CHALABI ENDORSES LONG-TERM U.S. ROLE
Ahmad Chalabi, the Iraqi expatriate who is favored by some administration officials to hold a leading role in the new Iraq, called Sunday for U.S. forces to remain in Iraq until the country holds elections, a process he said could take two years.
       “The military presence of the United States in Iraq is a necessity until at least the first democratic election is held, and I think this process should take two years,” Chalabi said in an interview on ABC television’s “This Week” program.
       A report in Sunday’s New York Times said the United States was planning to seek long-term access to as many as four military bases in Iraq. Pentagon officials said they had no information about the report.
       Chalabi, the leader of the Iraqi National Congress who many analysts consider to be the top U.S. choice to lead Iraq, said Islamic religious parties could participate in postwar Iraqi politics.

“There is a role for the Islamic religious parties, including Shia (Shiite) religious parties, because they have some constituencies. But they are not going to be forcing any agenda or any theocracy on the Iraqi people,” he said.
       Chalabi said reports of emerging assertions of power by clerics and religious groups in some cities should be viewed as acts of defiance against deposed Iraqi President Saddam Hussein after a period of repression, rather than a threat to stability.
       “I do not think this should be read as anyone trying to set up an authority or to challenge whatever emerges from the process of an interim authority,” he said.
       Chalabi, the first major exile politician to reach Baghdad since the collapse of Saddam’s government, stood by earlier declarations that he will not be a candidate for office in the country’s interim government.

OTHER DEVELOPMENTS
 • President Bush also said there were “positive signs” Syria was responding to U.S. calls for the country to deny sanctuary to fleeing members of Saddam Hussein’s administration in Iraq. “There’s some positive signs.

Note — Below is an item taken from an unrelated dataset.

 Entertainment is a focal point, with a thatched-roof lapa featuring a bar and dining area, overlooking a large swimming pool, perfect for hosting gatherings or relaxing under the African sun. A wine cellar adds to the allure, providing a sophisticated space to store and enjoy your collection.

They’re getting the message that they should not harbor Baath Party officials, high ranking Iraqi officials,” he said.
 • Two F-117A Nighthawk pilots who conducted the opening strike of the U.S. war on Iraq aimed at killing Saddam Hussein and his sons at a compound on the outskirts of Baghdad were awarded the Distinguished Flying Cross medal, the U.S. military said on Sunday.
 • The first postwar convoy of U.N. food aid reached Baghdad on Sunday, opening an aid corridor from Jordan which U.N. officials say should keep the capital supplied with food when stocks run low in coming weeks. The 50-truck convoy, chartered by the World Food Program from private Jordanian firms and carrying 1,400 tons of wheat flour, drove into a city center warehouse compound guarded by U.S. troops.

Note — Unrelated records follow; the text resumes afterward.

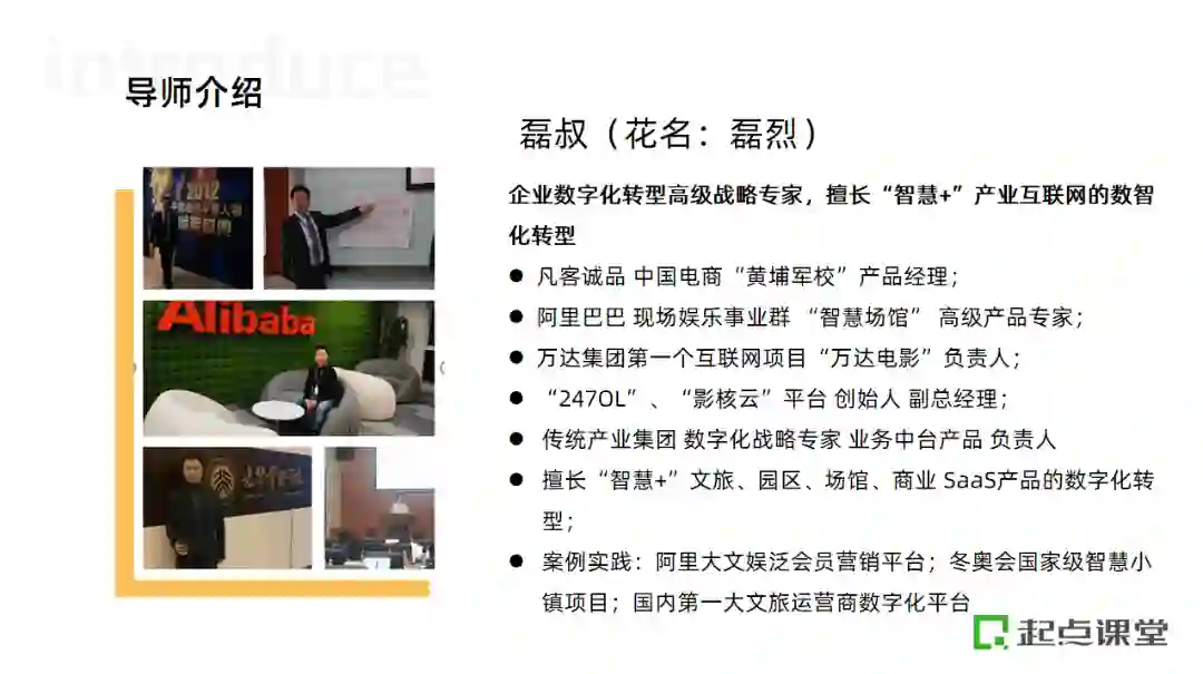 这是由起点课堂出品的B端产品公开课,专为正在做B端产品同学,或者对B端产品感兴趣想要了解相关工作内容的同学打造,课程将由企业数字化转型高级战略专家@磊叔直播授课。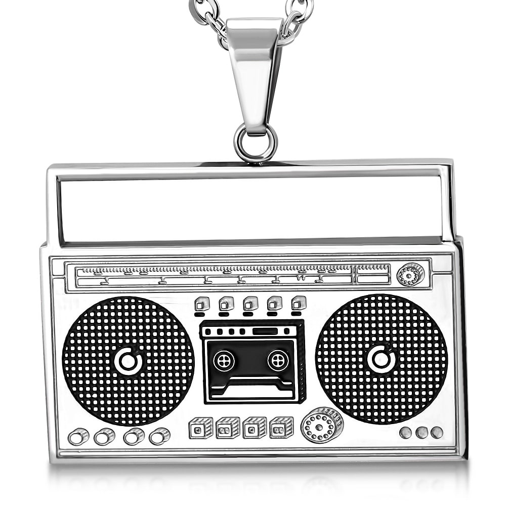 Ezüst színű, kazettás magnó alakú nemesacél medál
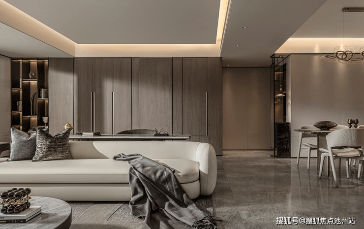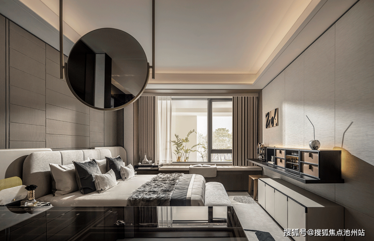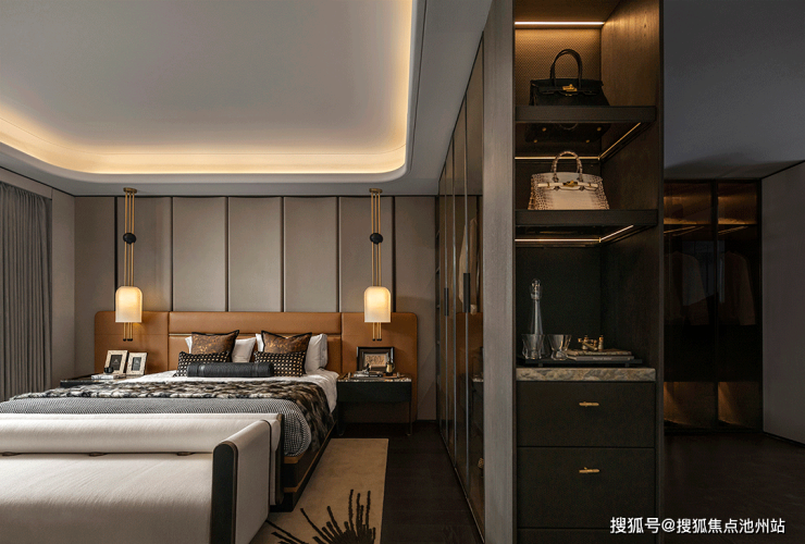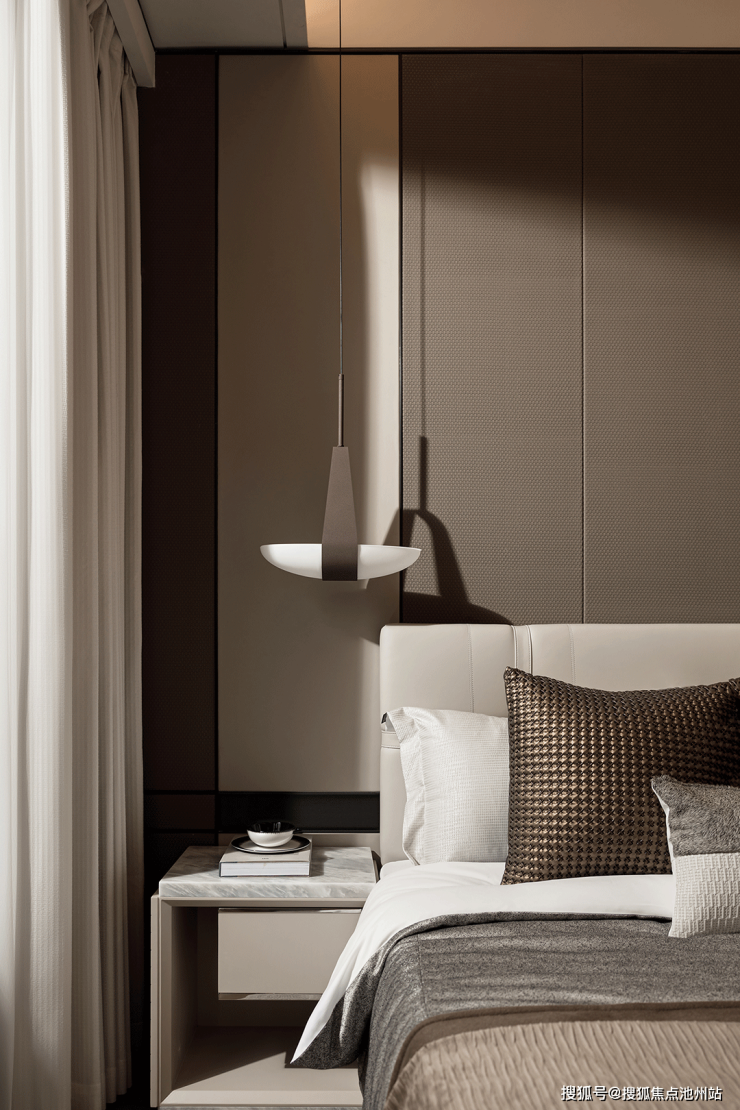 主卧更像是主人的一隅独立天地,内设独立的衣帽间和盥洗室,天花柔和的弧角温润亲和,背景墙的编织皮革似在雕刻时间的肌理,令空间产生熨帖身心的舒适感。

 • Turkish Foreign Minister Abdullah Gul said on Sunday that Ankara had agreed in principle to a U.S. request to send Turkish soldiers into neighboring Iraq for postwar peacekeeping duties. Countries including Italy, Bulgaria and Denmark have offered to provide troops to help stabilize and reconstruct the country in the aftermath of the U.S.-led war.
 • Thousands of Christians crammed into churches across mostly Muslim Iraq on Sunday to celebrate Easter, praying for peace and harmony. For many, it was the first time to attend a service since U.S. forces began bombing the city in late March. 
 • Four U.S. soldiers on patrol were wounded Saturday when an Iraqi girl handed them an explosive and it blew up, American military officials said. They said they believed it was an accident. The girl, who appeared to be about 7 years old, approached one of the soldiers with an M-42 “bomblet,” from a cluster bomb. An Iraqi man was killed Friday and three soldiers from the 101st were wounded when an M-42 “bomblet” exploded under similar circumstances.